“Out of Touch” UK Gambling Commission Again Under Fire from Political Figures
The affordability checks the UK Gambling Commission (UKGC) wants to impose are going to have “crippling and absolutely devastating” consequences. This is the position of Member of Parliament Philip Davies, who has sent a warning to the horse racing industry about “the most out-of-touch” regulatory entity the UK currently has. He’s not the only one in the government to feel that way, either.
At the end of April 2023, the UK’s gambling white paper was finally released following several delays. Embedded within it are actions proposed by lawmakers that would introduce two tiers of affordability checks that operators would have to complete on users.

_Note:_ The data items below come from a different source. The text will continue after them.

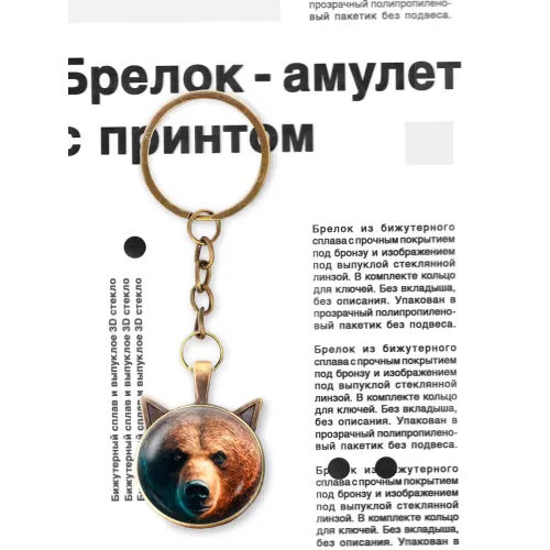 Брелок для ключей из бижутерного сплава с покрытием под бронзу. Изображение медведя защищено выпуклой стеклянной линзой.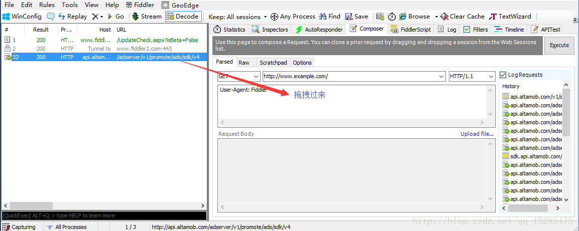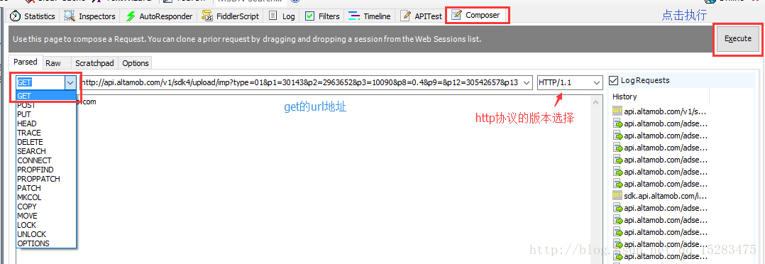 打开Fiddler工具,在右侧点击“composer”的选项,在parsed中选择get请求,之后填写get的url地址及相关的参数,再选择http协议的版本,最后点击execute按钮。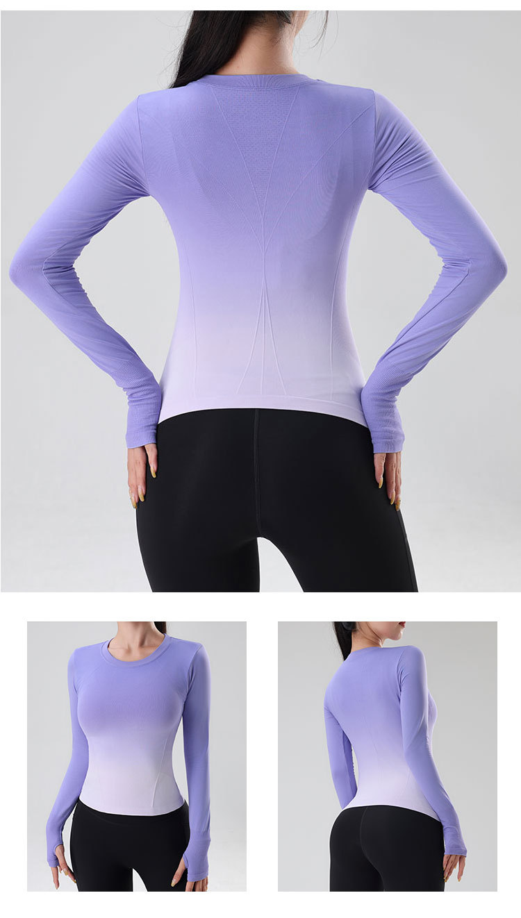 새로운 크로스 보더 요가 그라디언트 속건 스포츠 피트니스 긴팔 티셔츠 여성용 슬림핏 탑 타이트베이스 얇은 셔츠
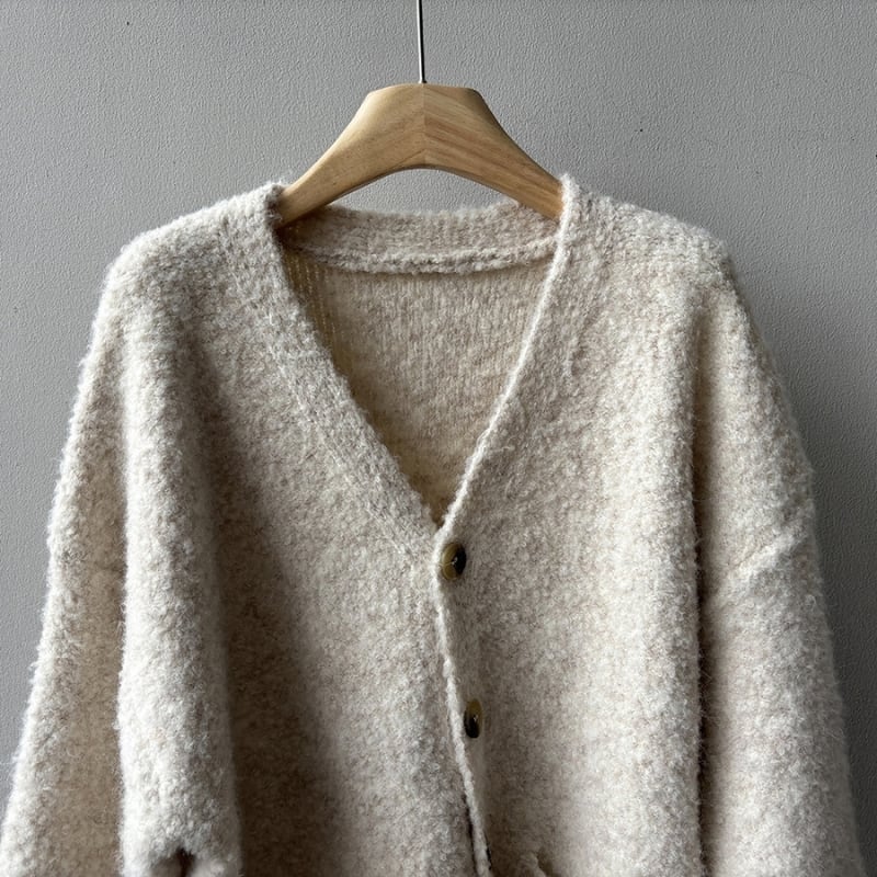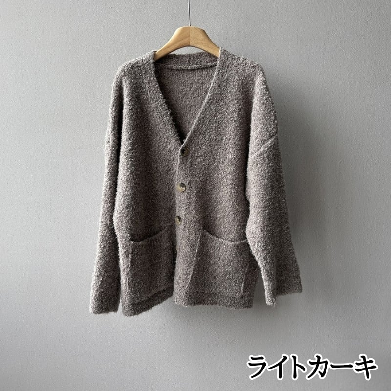 シンプルなデザインで着回し力抜群のニットカーディガン。

These verifications are intended to ascertain that customers have the financial means to afford their gambling expenses. However, Davies and North West Leicestershire District Councilor Andrew Woodman expect the checks to lead to greater friction and, potentially, more offshore gaming.
Affordability Checks Under Fire
In the first tier, once individuals have reached a spending threshold of £125 (US$159), they will be prompted to scrutinize the financial information pertaining to local individuals involved. On the other hand, a more intense and intimate level of financial control will be activated when individuals surpass the £1,000 (US$1,272) threshold within a 24-hour period, or £2,000 (US$2,544) in a 90-day period.
The UKGC introduced a comprehensive strategy in July for enforcing these access controls before opening a consultation period. Within this plan, it is specified that a thorough financial evaluation must be conducted every six months to confirm any alterations in the players’ monetary circumstances.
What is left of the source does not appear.